Modestas Histórias do Bairro Antigo
02 Abril 2015, 09:59 por Baptista Bastos | b.bastos@netcabo.pt
Antes de se entrar no Beco do Xadrez, havia um prédio de dois andares e, no rés-do-chão, a Margarida dos longos caracóis, sempre à janela, cega e linda, e eu permanecia a olhá-la, e creio que ela sabia que a olhava (...). Tenho de repetir que eu era muito feliz.
(A Jorge Palma)
A meio da calçada virava-se à direita, caminhávamos um pouco, por onde ficava a mercearia do sr. Torrado, e desembocávamos no largo. O largo estava emoldurado de casas térreas, habitadas por ciganos, sendo o sr. Torcato o mais velho dentre eles e também o mais respeitado.
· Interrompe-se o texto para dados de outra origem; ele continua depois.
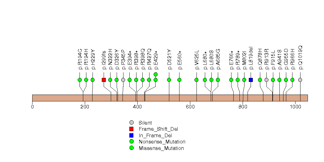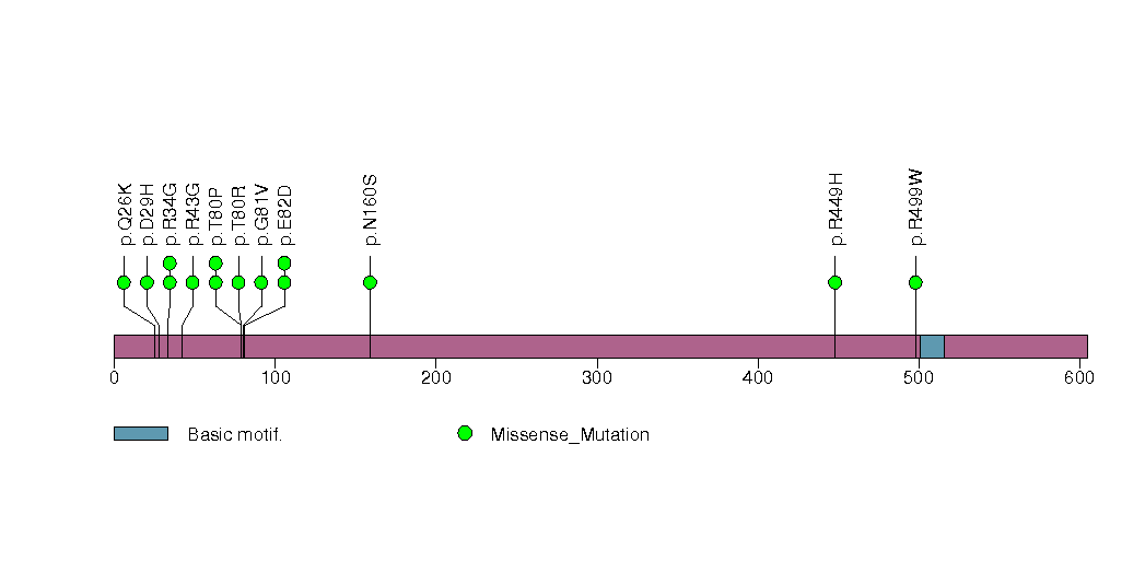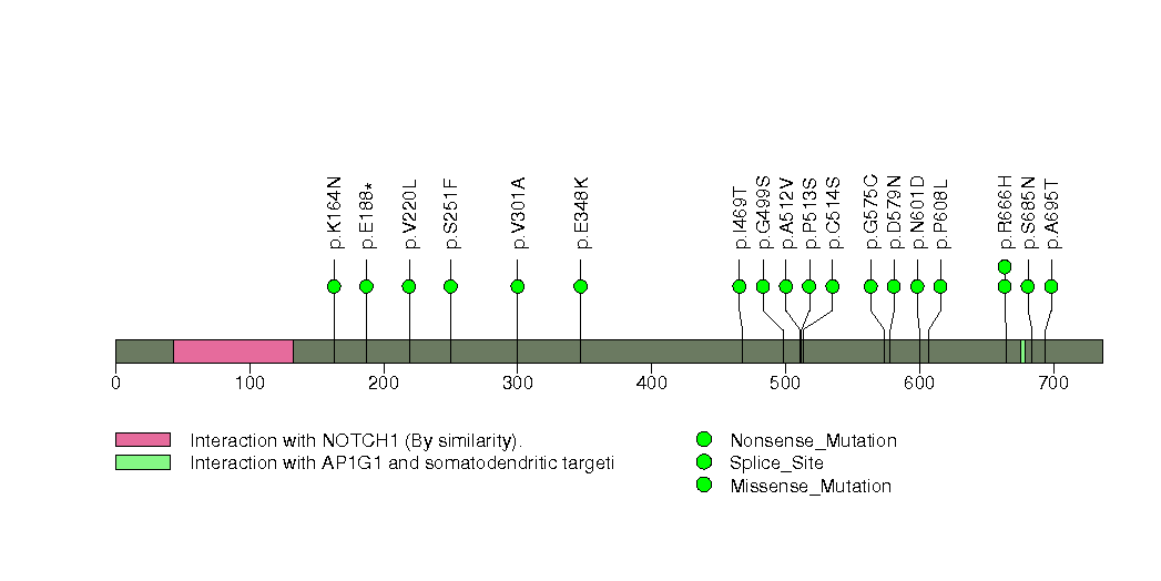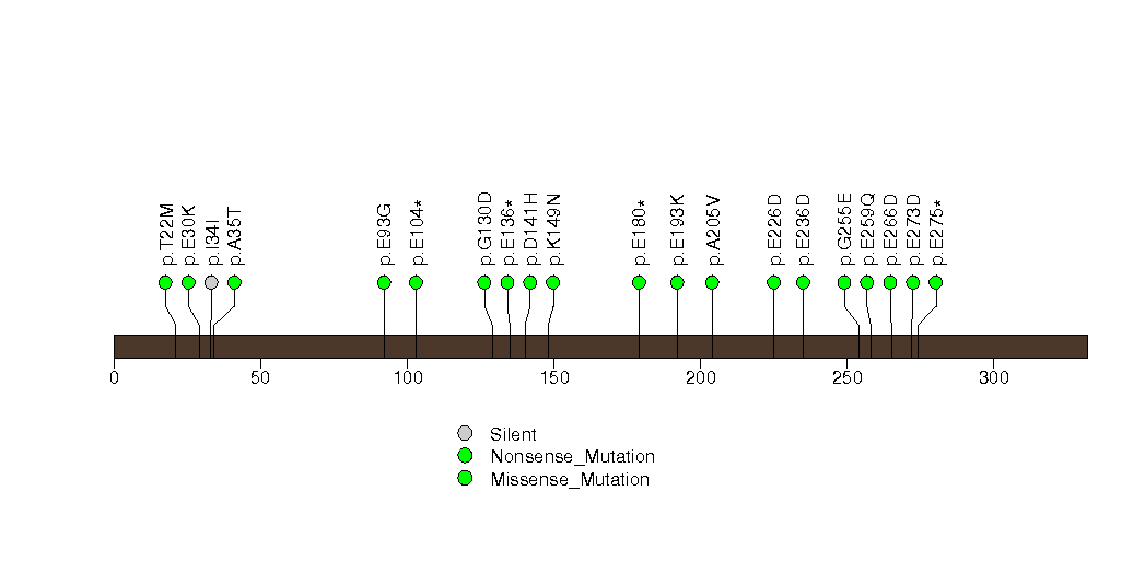 Figure S13.  This figure depicts the distribution of mutations and mutation types across the GIPC1 significant gene.

Gostava muito do largo, chafariz ao meio, homens sentados em caixotes, conversas amenas. Caminhava-se um pouco mais, até ao Beco do Xadrez, habitado pelo sr. Arsénio, operário no Arsenal, dado à bebida e à melancolia, depois de passar três anos no Aljube, preso por motivos políticos; pela Luísa dos gatos, dezenas deles; pela minha avó, e pelo João Maneta, grande amigo do meu tio João e do meu pai, que costumavam ir ver o Belenenses. Ainda havia as Salésias, o Rio Seco e o Carcavelinhos. E eu era muito feliz, embora a minha mãe estivesse a morrer com um cancro. Não percebia a natureza do que acontecia, nem que ia ficar, em breve, sem mãe.
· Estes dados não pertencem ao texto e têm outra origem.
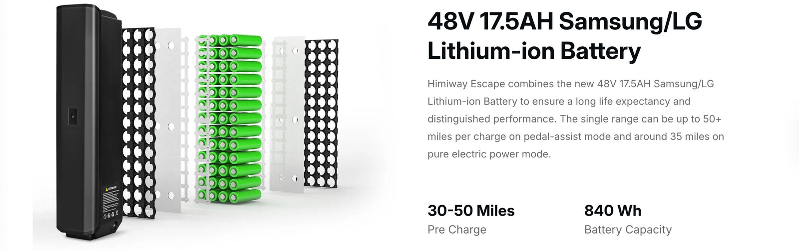 At the core of the Himiway Escape Pro is a powerful 750W brushless gear hub motor, delivering exceptional torque (80Nm) for swift acceleration and effortless hill climbing. Paired with a high-capacity 48V 17.5Ah (840Wh) Samsung/LG Lithium-ion battery, you can expect an impressive 30-50+ mile range on a single charge, making it perfect for extended commutes or weekend getaways.

Antes de se entrar no Beco do Xadrez, havia um prédio de dois andares e, no rés-do-chão, a Margarida dos longos caracóis, sempre à janela, cega e linda, e eu permanecia a olhá-la, e creio que ela sabia que a olhava. A mãe dela tocava piano e os sons espalhavam-se pelo bairro. Tenho de repetir que eu era muito feliz.
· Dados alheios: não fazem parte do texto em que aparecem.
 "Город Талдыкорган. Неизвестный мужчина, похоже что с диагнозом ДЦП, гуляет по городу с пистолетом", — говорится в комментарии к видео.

Nos dias de calor e em que o meu pai estivesse em casa, de folga do jornal onde trabalhava de noite, descíamos a calçada até à Torre de Belém. Brincava na areia e, às vezes, dava uns mergulhos na água glauca. O meu pai gostava de ir à leitaria do Zenida e beber uma amêndoa amarga, lia o jornal República e falava um pouco com o barbeiro, mesmo ali ao lado. O barbeiro era baixinho e não tinha uma orelha. Também tinha por hábito conversar com o sr. Alfredo, um negro alto e sorridente, por aqueles tempos o único motorista de táxi negro em Lisboa.
Nas horas livres, depois da sair da escola primária da Dona Odete, brincava com o Malagueta e com o Reginaldo. O Malagueta morreu atropelado e o Reginaldo foi para a Austrália, marinheiro de barcos de cabotagem. No largo morava a Alzira, cantadeira de fados, que vivia maritalmente (era assim que se dizia) com o Américo alfaiate, que tocava guitarra nos intervalos dos afazeres.
Nada disto poderá ser esquecido, e eu conhecia aquelas ruas e aquelas pessoas como se tudo fosse meu. Às vezes, observo os meus netos como, antes, olhava os meus três filhos, com a vaga melancolia de saber que eles nunca verão isto, vendo, porém, outras coisas, certamente por igual belas, que encherão as suas memórias.
Nos quartéis da calçada, três, ressalvo o erro, tocavam a recolher quando arriavam a bandeira. Os homens paravam de andar, tiravam o chapéu, num grande respeito, e as mulheres benziam-se. Eu fazia a mesma coisa, e os meus amigos também. Esquecia-me de lhes dizer que, aos domingos, assim houvesse uns tostões. Íamos ao cinema, ao Salão Portugal, dois filmes, desenhos animados e actualidades francesas, e as mulheres esmeravam-se nas roupas e os homens punham gravata e fumavam nos intervalos.
Não; nada disto poderá ser esquecido. E eu era muito feliz.